Я тут сразу вся: «Enchante, – типа на чистейшем, блядь, французском. – Уматнейшая у вас подводка, мадам». А у него паучьи такие накладные ресницы и блестки в туши до самых ушей.
А Мадам Наташа мне типа: «Ой, приятно слышать, дитя. У тебя прикид тоже très chic. Только жакет носить нужно, такая малютка, как ты, замерзнет с таким туманом».
Тут я такая совсем было включаю антимамский базар «ты-мне-не-начальник», как вдруг соображаю – а мне-то как-то с этим ништяк. Ну типа я и с МамБотом бы поладила, будь она невъебенным голубым дядькой.
Я сажусь такая рядом с Мадам Наташей, птушто Хлад типа на стуле клиента сидит и весь такой: «Мадам Наташа предсказала мне судьбу, когда я только приехал в город, и сообщила, что я встречусь с девушкой, но там все время карта смерти выпадала, и вот этого она никак не могла вычислить». Потом такой поворачивается к Мадам и типа: «Но вы в самую тютельку попали. Я в итоге познакомился с мертвой девушкой».
А Мадам ему вся такая: «Ох батюшки», – и вытаскивает откуда-то из подбородков крохотный такой веер и давай им обмахиваться.
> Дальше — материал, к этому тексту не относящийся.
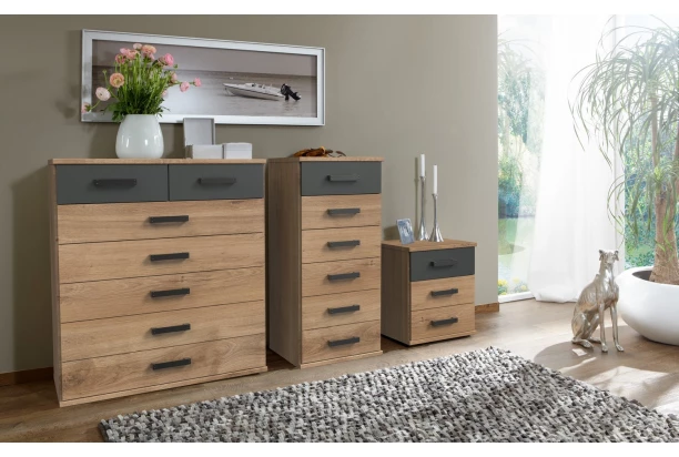 Komoda se zásuvkami má celkovou šířku 91 cm a je inspirována industriálním stylem. Dekor prkenného dubu a grafitu doplňují úchyty v imitaci tmavého kovu a šroubů, které skříňce dodávají zajímavější optiku. Tato praktická zásuvková skříňka najde místo v ložnici, obýváku i třeba pracovně pro přehledné ukládání věcí nebo drobného prádla.

Тащемта я выуживаю из сумки пакет с кровью и чутка себе в кофе начисляю, а потом – Хладу, и он такой: «Эбби, убери это немедленно».
А я такая: «Пчу?»
А он на людей вокруг кивает, которые на нас тотально и не смотрят, только текстят как подорванные. И такой: «Они слетят с катушек».
А я такая: «Ох, сцуко, я тебя умоляю. Они видели мой глазной грим, видели, как я прикинута, видели мои таинственно окрашенные волосы – они подумают, что я намеренно их провоцирую на слет с катушек тем, что делаю вид, будто лью кровь в кофе. Поэтому теперь они все неистово не слетают с катушек, чтоб не доставить мне удовольствия, птушто иначе перестанут быть изощренными городскими вуаёрами. Не первый раз замертво, селянин».
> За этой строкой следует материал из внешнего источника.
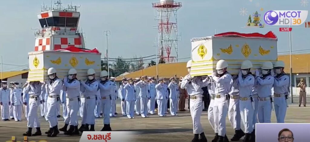 ชลบุรี 24 ธ.ค. – กองทัพเรือเคลื่อนร่างจ่าเอกจักรพงศ์ พูลผล และพลทหารอัครเดช โพธิ์บัติ กำลังพลเรือหลวงสุโขทัย กลับบ้านเกิด จ.สุราษฎร์ธานี พิธีเป็นไปอย่างสมเกียรติ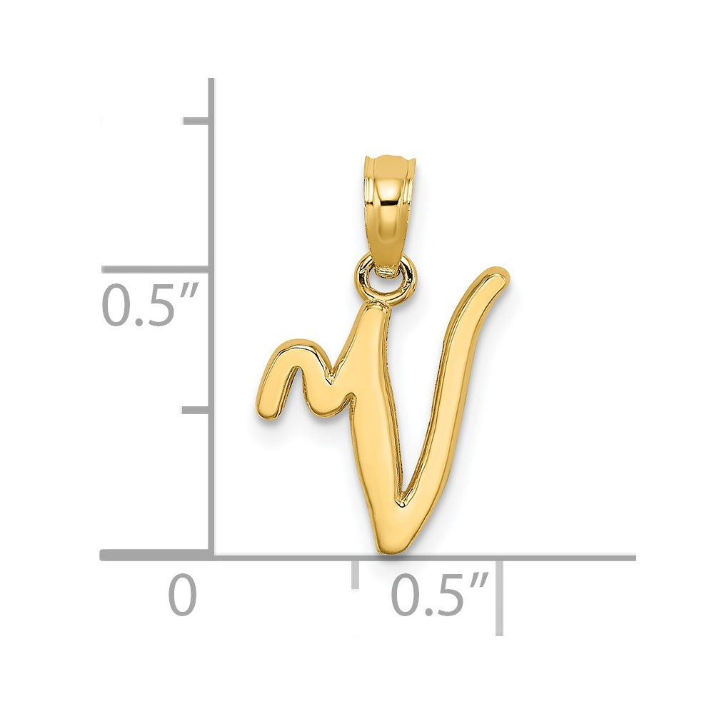 Material: Primary - Purity:14K|Finish:Polished|Length of Item:17.15 mm|Charm/Element Length:14.15 mm|Charm/Element Thickness:1.05 mm|Charm/Element Width:11.3 mm|Manufacturing Process:Casted|Material: Primary:Gold|Width of Item:11.3 mm|Product Type:Jewelry|Jewelry Type:Pendants & Charms|Sold By Unit:Each|Bail Width:4.5 mm|Material: Primary - Color:Yellow|Bail Length:5 mm|Relative Size:Small|Letter:V
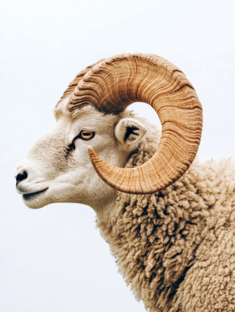 A beautiful ram showcases its impressive large curved horns and fluffy textured wool, perfectly posed against a clean white studio background.

«О, а она мне нравится, – Мадам такая выдает. – С огоньком девушка».
А Хлад типа: «Тада лана».
А я ему: «Если ты настаиваешь на этом своем „тада лана“, я буду вынуждена заменить себе Темного Владыку».
А Мадам вся такая: «Звучит и впрямь несколько от сохи, голубчик».
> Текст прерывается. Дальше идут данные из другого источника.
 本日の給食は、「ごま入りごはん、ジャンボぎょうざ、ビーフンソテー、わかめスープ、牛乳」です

Тут Томми такой: «Да какая разница, как я говорю? Вы же помните, Мадам, правда? Вы меня помните же?»
А Мадам ему вся: «О да, да, теперь вспомнила. Это же вы побили олимпийский рекорд по мастурбации, нет?»
Томми ей такой: «Э-э, нет, в этой части мы меня с кем-то путаете, э…»
Тут, кароч, повелителю типа пора было протянуть руку помощи, если вы меня пмаете, поэтому я такая: «Ой не парься, это у тебя стресс, под напрягом все так делают. Я вот прямщаз под столом с клитором ебусь – только чтоб напряжение чутка прикрутить. Да. Даа. Да! О-зомби-есус, выеби-меня-симба-король-лев-акуна-матата! Да!» И тут же типа кончила с расколбасом, даже с сиденья чутка сползла для наглядности и засопела громко-громко. А потом одним глазом на Мадам косяка давлю такая: «Ну что, теперь они слетели?»
А она кагбэ кивнула мне так, а у самой глаза по восемь центов и что не. Ну и типа ура, неудобняк у моего Темного Владыки рассосан. Только один какой-то стремный насельник дня весь такой на меня пялится из-за своего «Уолл-Стрит Джорнэла», на морде отвращение, поэтому я ему такая: «Ррыык».
А Хлад на меня смотрит.
Поэтому я ему типа: «Заткнись, это по-нашему. Его ночью на улицу аще нельзя выпускать, он мою тьму без разрешения тратит». И опять Уолл-стрита этого обрычала, чтоб не подслушивал.
Кароч, мы типа кофе пьем, Мадам в свои карты смотрит, а потом типа так голову подняла и очень разочаровалась, что мы еще здесь, но Хлад все в свои руки взял.
Такой ей: «Женщина, о которой вы мне говорили, что я ее встречу, – я ее встретил. Мы вместе живем».
А Мадам такая руку подымает, что означает «заткнись нахуй» на языке гадалок судьбы. Смотрит себе в карты опять. А потом – на банку для чаевых.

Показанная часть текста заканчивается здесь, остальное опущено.